WND articles on Dec. 7 and Dec. 14 on the controversy hewed closely to pressreleases sent out by Liberty Counsel, and WND made no effort to contact the school district for a response.
And what was the rest of the story that WND couldn't be bothered to pursue? As Think Progress points out, the song "Cold in the Night" comes from a play the school was to perform called "The Little Tree’s Christmas Gift," about a small, lonely Christmas tree that is told it is "too scraggly, it will never sell." The tree sings the revised lyrics in a scene lamenting his sad state. The rewording has absolutely nothing to do with "secularizing" the song.
See what happens when you rely only on one side's version of the story? You don't tell the truth. WND has a problem with that.
Good Question Topic: WorldNetDaily Pandagon asks an interesting question: Why does WorldNetDaily seem concerned only with older women having sex with teen boys? We don't recall WND highlighting any articles about older male teachers having sex with female students. After all, a 22-year-old man impregnating a 13-year-old barely raised WND's ire.
Any of you WND folks lurking here want to answer that?
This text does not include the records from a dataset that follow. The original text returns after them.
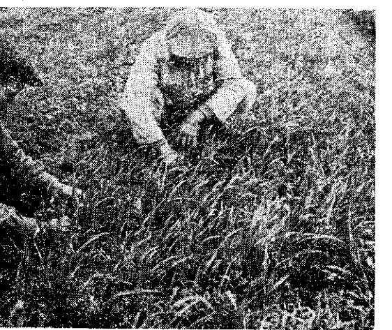
麥燕—草牧季冬種一的培栽部北灣臺台適

二十斤土壤的比例，拌和後播在田中。在播種前最好每公頃施下過磷酸鈣或熔磷二百至三百公斤，氯化鉀一百公斤作為基肥。假如土壤過份瘠薄並且是初次種植紫雲英時，可另加硫酸銨或氯化鈣五十至一百公斤。酸性過強的土地，最好每公頃施用石灰石粉二千至三千公斤。在生長期間如土壤過乾，最好能灌溉一、二次。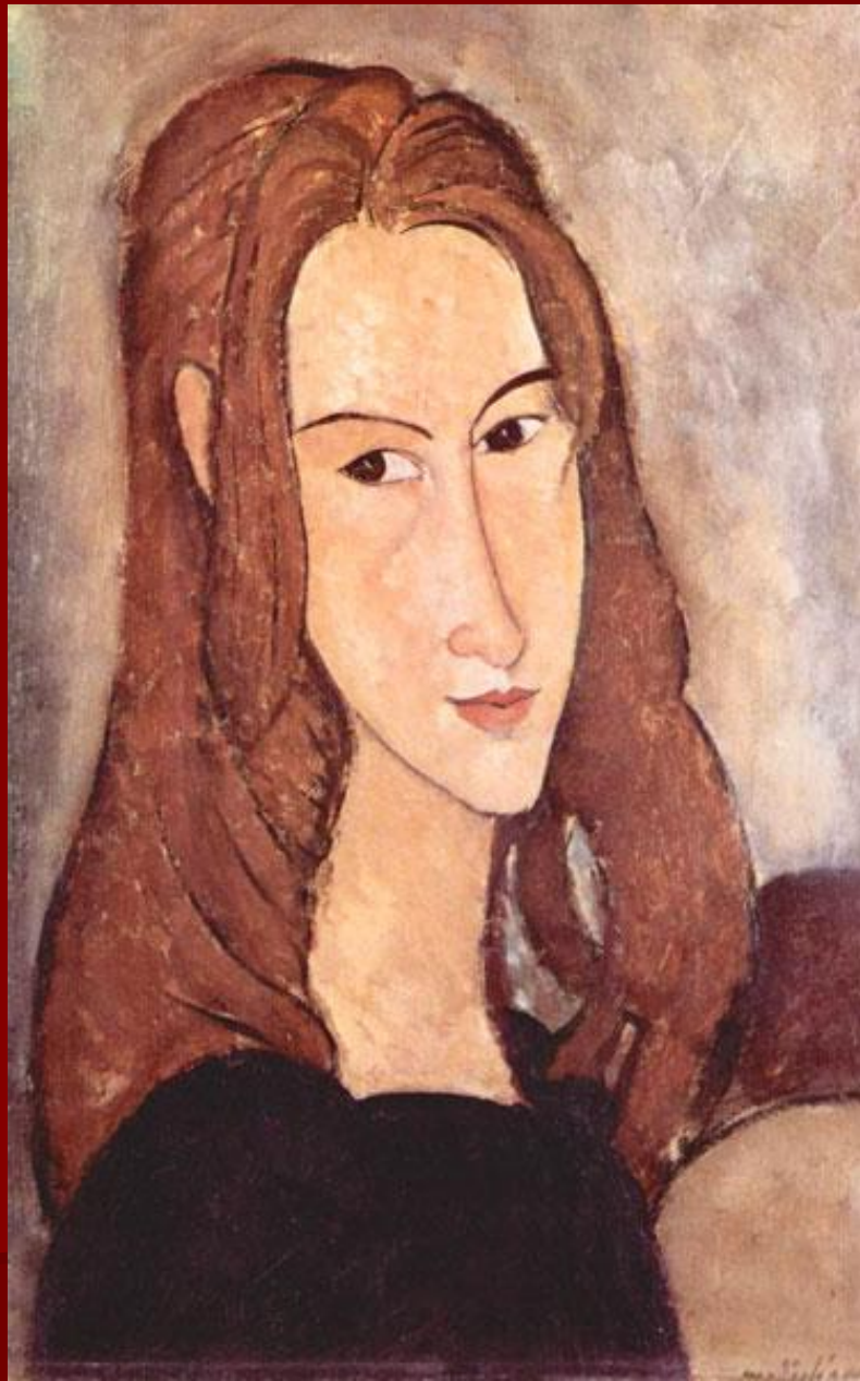
А. Модильяни. «Жоан Эбутерн».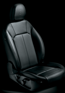
Super - Svart läder (tillval)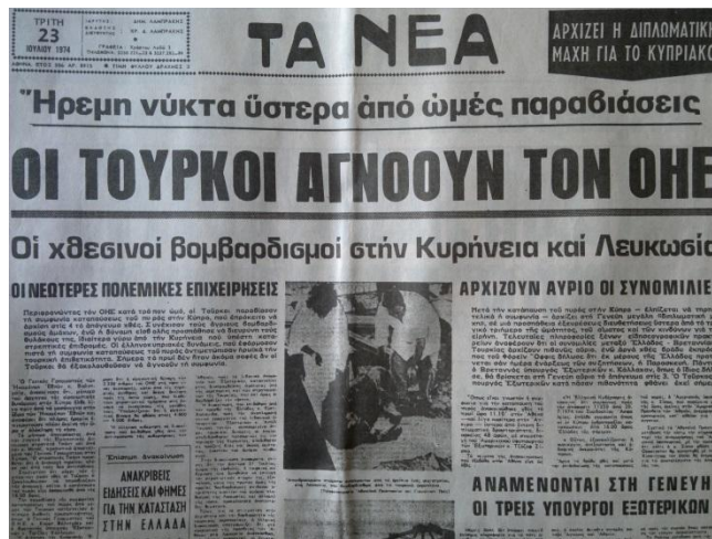
«Τα Νέα», 23 Ιουλίου 1974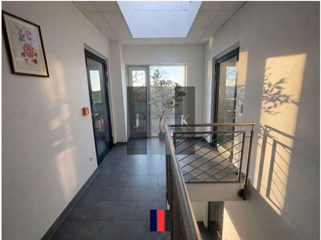
Büro Obergeschoss (Visual.)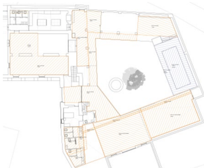
En rojo, áreas de movimiento de tierras previstas

Estos movimientos de tierras se realizarían en principio en las zonas exteriores perimetrales al patio/jardín (porches y cuerpos anejos de reciente construcción), así como en las dos salas principales a las que se accede por ese lado, el zagúan de entrada, y los nuevos aseos exteriores. En su práctica totalidad son excavaciones de poca envergadura, entre 15 y 50cm, con el objetivo de renovar los pavimentos interiores, nivelar y mejorar el terreno en los nuevos aseos (sobre el que se ejecutará la losa de cimentación) y nivelar y acondicionar las zonas exteriores, en las que se dispondrá de un pavimento de barro sobre solera de hormigón, posibilitando así la circulación alrededor del jardín. Se incluye también una zanja para saneamiento en el lateral sur del patio/jardín.

iGossip Topic: WorldNetDaily
We've taken a look at iGossip, which WorldNetDaily cites as a credible source for its obsessive compendium of teachers having sex with students. It appears to be mainly a bulletin board for anonymous postings about things like teenage crushes and sordid affairs. One post involved a "bi curious" woman who "wanted to try with one of her friends" and reports: "Wow what a weekend it ended up a 4 some her friends hubby and myself got to watch and the friends hubby got to have my gf."
This is what WND considers a credible source of news, folks. Perhaps the good Christians at WND should explain to their readers why it frequents a site that talks about "bi curious" orgies.
Gay Sex = Smoking? Topic: Accuracy in Media
When he's not obsessing about Rachel Maddow's lesbianism, Accuracy in Media's Cliff Kincaid just can't get over how icky gay sex is. From his Dec. 14 column:
Have you noticed that many news organizations, in honor of former ABC News anchorman Peter Jennings, have embarked on a quit smoking campaign? So why don't our media launch a campaign advising people to quit engaging in the dangerous and addictive homosexual lifestyle?
Kincaid adds: "It appears that the homosexual lifestyle is as addictive as smoking."
This, by the way, is the second sex-oriented column from Kincaid in as many days.
Sexpidemic! Topic: WorldNetDaily
How obsessed is WorldNetDaily with teacher-student sex? A Dec. 14 article by Joe Kovacs is dedicated to it and, yes, uses the word "sexpidemic" in the headline. Kovacs calls it a "seeming U.S. epidemic" and offers a long list of purported cases, credited to something called iGossip, so you know it must be reliable.
Of course, there's no evidence that this is an "epidemic," seeming or otherwise. Kovacs offers no sense of proportion or statistics of the number of these cases relative to, well, anything. He also implies that these cases are all current, but one of the people on the list is Pamela Smart, whose little incident took place in 1990.
In other words, it's another anti-public-school scare story, given that links at the end of the article bash public education and boost homeschooling, which is apparent WND editorial policy.
And today's WND poll is dedicated to the subject, again claiming without evidence that there is a "outbreak of teacher-student sex."